It’s a cry for help, not crime

KUALA LUMPUR: Groups are asking for the abolishment of Section 309 of the Penal Code (Act 574) to be sped up now that the government has decided to decriminalise suicide.

The National Coalition for Mental Wellbeing (NCMW) called for the expeditious tabling of the relevant legislation in Parliament to decriminalise attempted suicide given that the issue has been longstanding.

It also called for the Bill to repeal Section 309 to be tabled in the current Parliament meeting, saying there was a need to act with urgency on this matter.

“In the interim, the NCMW proposes that the government maintain its commitment by withdrawing all pending charges under Section 309 and impose a moratorium on any new charges under the same section.

“We thank the Home Minister, Health Minister and the Attorney General’s Chambers for the proposal to abolish Section 309,” the NCMW decriminalisation focus group said in a statement yesterday.

Alliance for Safe Community chairman and Befrienders KL patron Tan Sri Lee Lam Thye said the repeal must be expedited as those who attempted suicide should not be treated as criminals, but as people needing psychosocial support and psychiatric help.

“The other call is to withdraw pending charges under Section 309 and impose a moratorium to ensure that there are no new arrests under this law while it is being decriminalised.

“This is very important while we wait for the law to be amended.

“The Attorney General and other authorities must expedite the process because saying in Parliament that the government has agreed to abolish the law is one thing and actually delivering on it is another,” said Lee.

He added that decriminalisation of the law was crucial to ensure that those with mental health problems will be given the space to share their problems without fear of persecution.
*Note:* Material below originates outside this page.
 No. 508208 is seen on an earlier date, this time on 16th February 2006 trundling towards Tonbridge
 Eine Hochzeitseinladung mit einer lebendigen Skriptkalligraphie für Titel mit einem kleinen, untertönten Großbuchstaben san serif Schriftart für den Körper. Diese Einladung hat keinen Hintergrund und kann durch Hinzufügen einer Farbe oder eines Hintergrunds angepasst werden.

Taylor’s University Centre for Human Excellence and Development director Assoc Prof Dr Anasuya Jegathevi Jegathesan said decriminalising suicide attempts would greatly remove the stigma attached to mental health issues and spur people to seek help.
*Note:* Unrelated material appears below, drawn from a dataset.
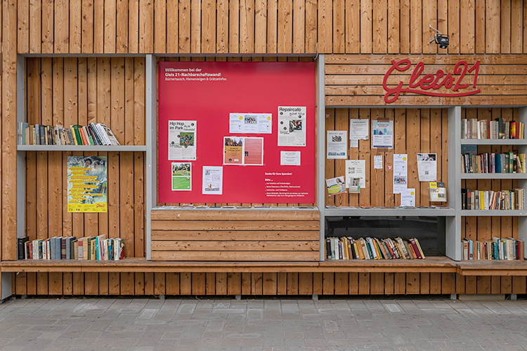 Der Sockel des Gebäudes versteht sich als Kommunikator: Schon beim Wettbewerb war die Nutzung der Erdgeschoßzone inhaltlich für die Bewohner des Grätzels und darüber hinaus vorgesehen. So konzipierte die Gruppe drei Säulen für die Umgebung: Die Nachbarschaftswand mit interaktivem Buchtauschregal und schwarzem Brett, den multifunktionalen Saal, der einerseits Veranstaltungen Raum gibt und andererseits mietbar ist. Last but not least das Künstleratelier ToZomia samt angeschlossenem Café Kaffeesatz.

“It will remove the stigma as suicide attempts will no longer be seen as a crime, and for what it really is, which is not a criminal act but an act of great desperation by individuals who are in pain.

“Now with the decriminalisation of the law, if nothing else, it will help people to reach out.

“A lot of family members are hesitant to report that their child or someone in the family had attempted suicide or obtain help for them because they are afraid that the person will be arrested.

“In turn, individuals do not get the treatment that is needed because there is a fear of being punished,” she added.

On Thursday, Deputy Health Minister Datuk Aaron Ago Dagang told the Dewan Rakyat that the Home Ministry and Attorney General’s Chambers were agreeable to abolishing the section which criminalises attempted suicide.